FORT WORTH, Texas (AP) — Authorities say that a 65-year-old woman was taken into custody Wednesday after carrying a loaded handgun on an American Airlines plane at Dallas-Fort Worth International Airport.
An airline spokesman said Wednesday that the plane was headed for the runway when it returned to the gate and was met by airport police.
Screeners at a security checkpoint had detected a gun in the woman's carry-on bag, but she "picked up the bag and left the checkpoint before the screening process was over," said Greg Soule, a spokesman for the Transportation Security Administration, which operates the checkpoints.
Soule said that when TSA screeners spot a gun in a bag, they are supposed to seize the bag and notify police.
Officials got a photo of the woman from a closed-circuit video system and showed it to airport employees until they tracked her down. It was about an hour and 40 minutes later that she was taken into custody by DFW Airport police, Soule said.
Airport officials declined to identify the woman but said that she would be charged with carrying a gun into a place where weapons are prohibited, a third-degree felony in Texas and punishable by up to 10 years in prison.

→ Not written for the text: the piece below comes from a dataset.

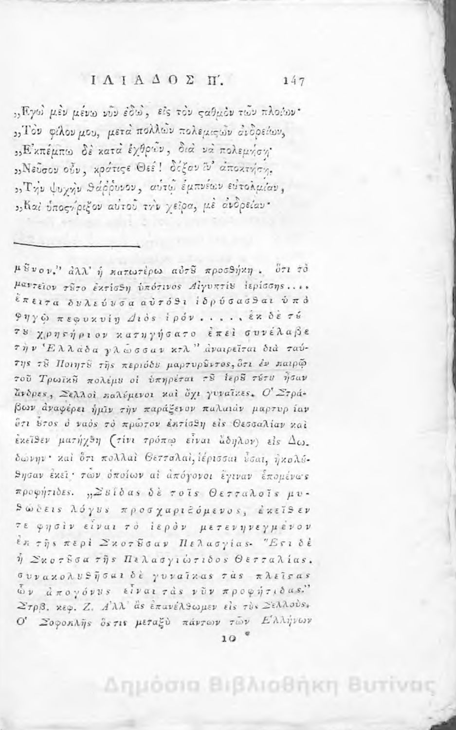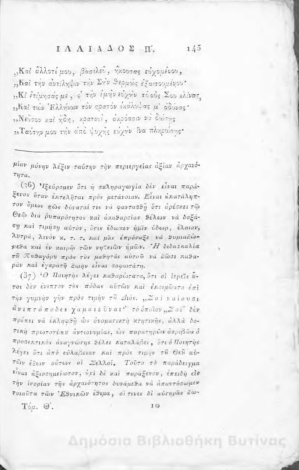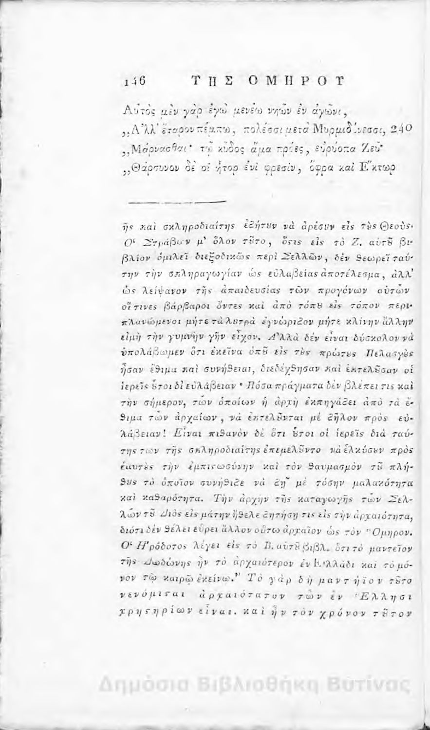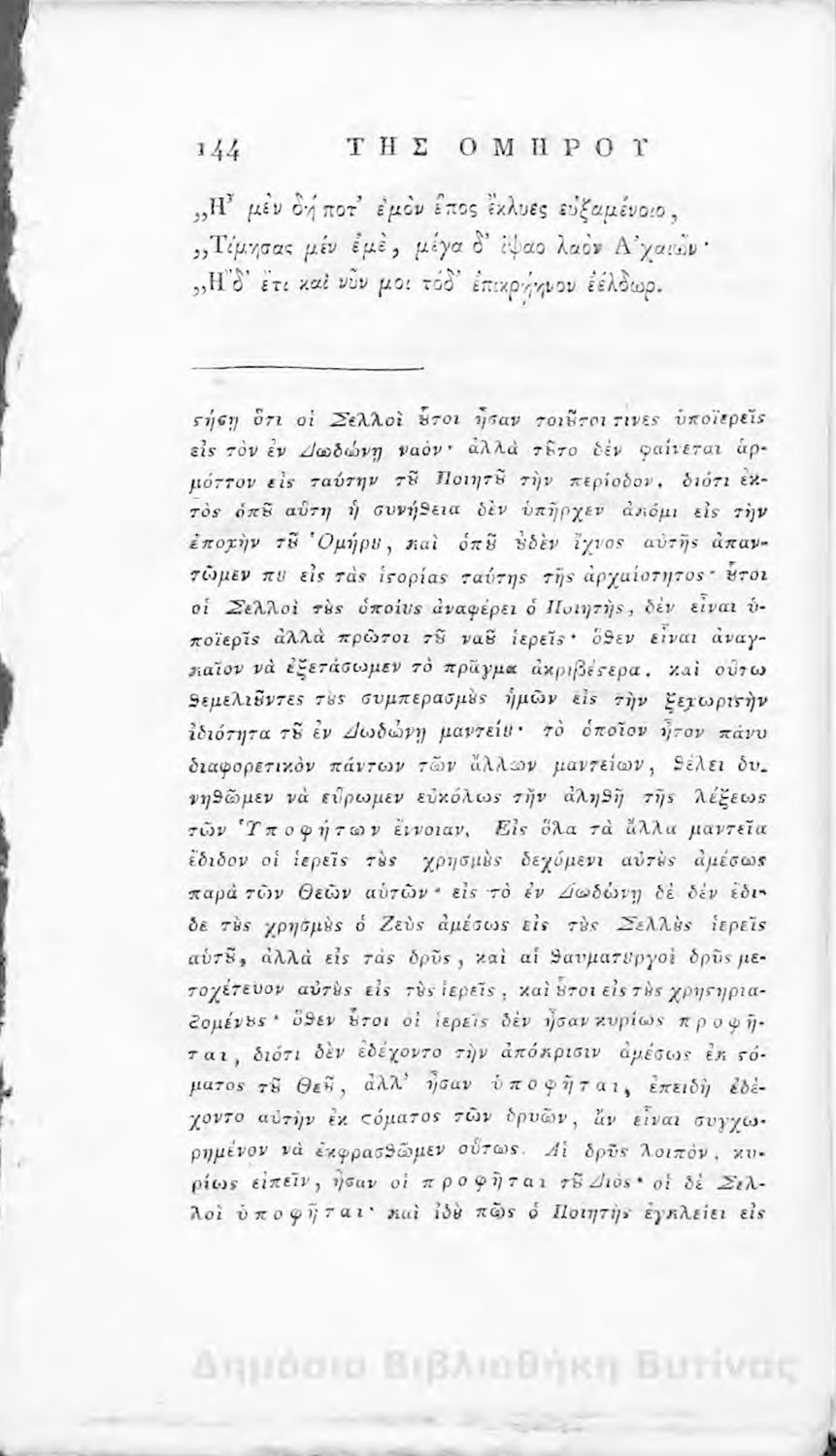 Τίτλος: Ομήρου Ιλιάς : Παραφρασθείσα καί ομοιοκαταλήκτως στιχουργηθείσα μετά προσθήκης αναγκαίων καί επωφελών υποσημειώσεων καί αναρτήσεως της μυθολογίας, αλληγορίας καί αληθούς ιστορίας πάντων των εν αυτή εμπιπτόντων Θεών, ημιθέων και ένδόξων υποκειμένων προς χρήσιν της νεολαίας, και των προς κατάληψιν του ομηρικού καλάμου αδυνάτων

American Airlines spokesman Tim Smith said the woman was removed from Flight 2385, scheduled to fly to Houston's Bush Intercontinental Airport. The flight, with 128 passengers, was delayed for just over an hour and passengers were screened again before the plane took off, he said.
About 10 other flights were also delayed up to 25 minutes after the TSA closed DFW's Terminal D, Smith said. The terminal, one of five at the airport, is used for both domestic and international flights.
The incident comes amid heightened criticism of TSA.
A soldier arrested on Dec. 31 at the Midland, Texas, airport with C4 explosives in his bag said he probably carried the bomb material on a flight from North Carolina to Texas. Screeners delayed him after finding and confiscating a smoke grenade but let him on that first flight.
In other cases, screeners have been overzealous. TSA Administrator John Pistole said in letters made public this week that screeners at New York's Kennedy Airport violated procedures this fall by asking an 85-year-old woman and an 88-year-old woman to reveal medical devices concealed under their clothes. The women said they felt as if they had been strip-searched.
Screeners in Las Vegas were criticized this month for confiscating a traveler's frosted cupcake.